**GIVEN INFORMATION**:
------------

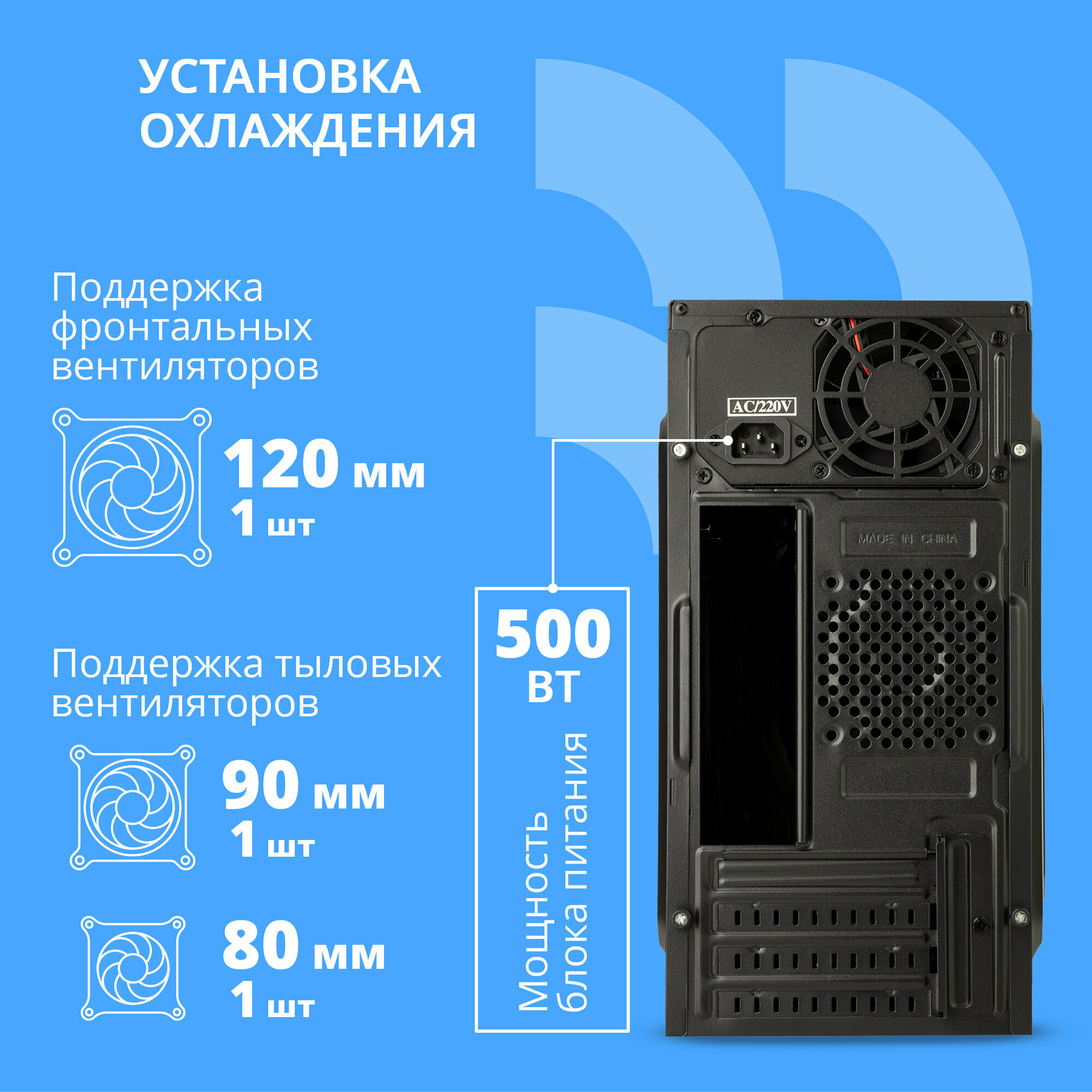 Cbr Корпус Корпус mATX Minitower MX12, c БП PSU-ATX500-08EC 500W 80mm , 1 USB 3.0, 2 USB 2.0, HD Audio+Mic, Black PCC-MATX-MX12-500W2 интересное:
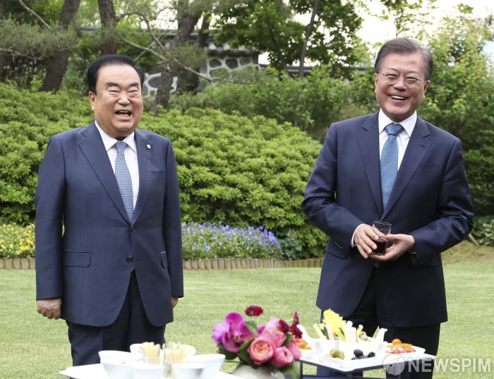 [서울=뉴스핌] 문재인 대통령과 문희상 국회의장이 21일 서울 용산구 국회의장 공관에서 열린 만찬에서 밝은 미소로 대화를 나누고 있다. 이날 만찬에는 4부요인 내외가 함께 참석했다. [사진=국회] 2020.05.22 photo@newspim.com
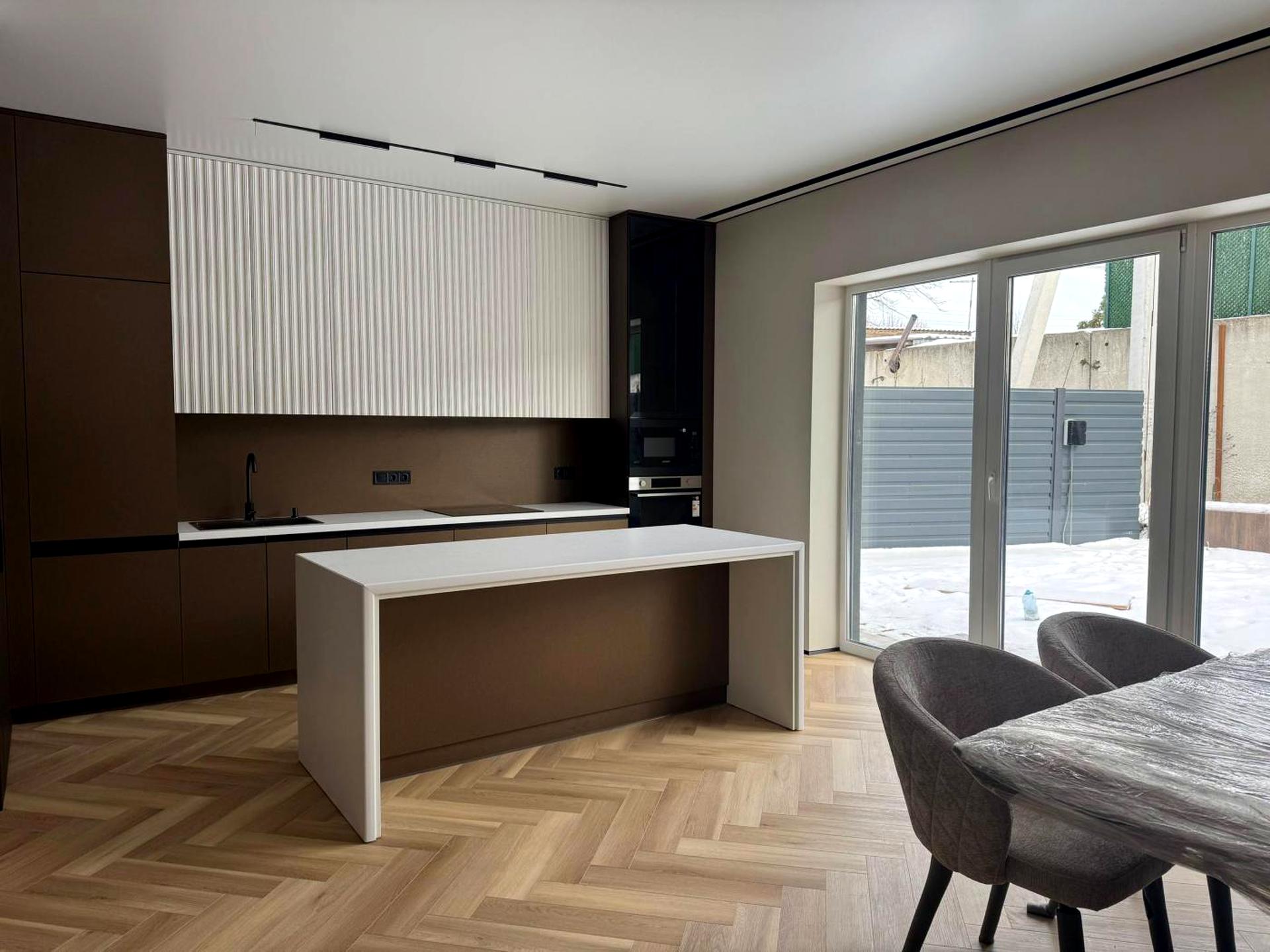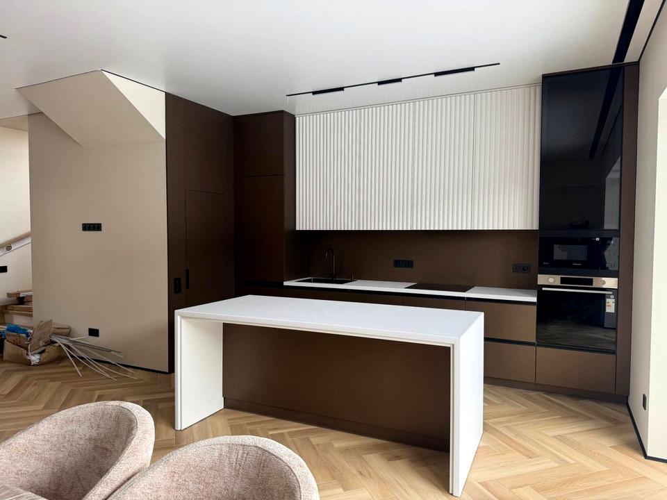 - кухня з технікою та островом

------------

In the reply, each line of the data must appear exactly as written, and no picture may appear.

 Cbr Корпус Корпус mATX Minitower MX12, c БП PSU-ATX500-08EC 500W 80mm , 1 USB 3.0, 2 USB 2.0, HD Audio+Mic, Black PCC-MATX-MX12-500W2 интересное:
 [서울=뉴스핌] 문재인 대통령과 문희상 국회의장이 21일 서울 용산구 국회의장 공관에서 열린 만찬에서 밝은 미소로 대화를 나누고 있다. 이날 만찬에는 4부요인 내외가 함께 참석했다. [사진=국회] 2020.05.22 photo@newspim.com
 - кухня з технікою та островом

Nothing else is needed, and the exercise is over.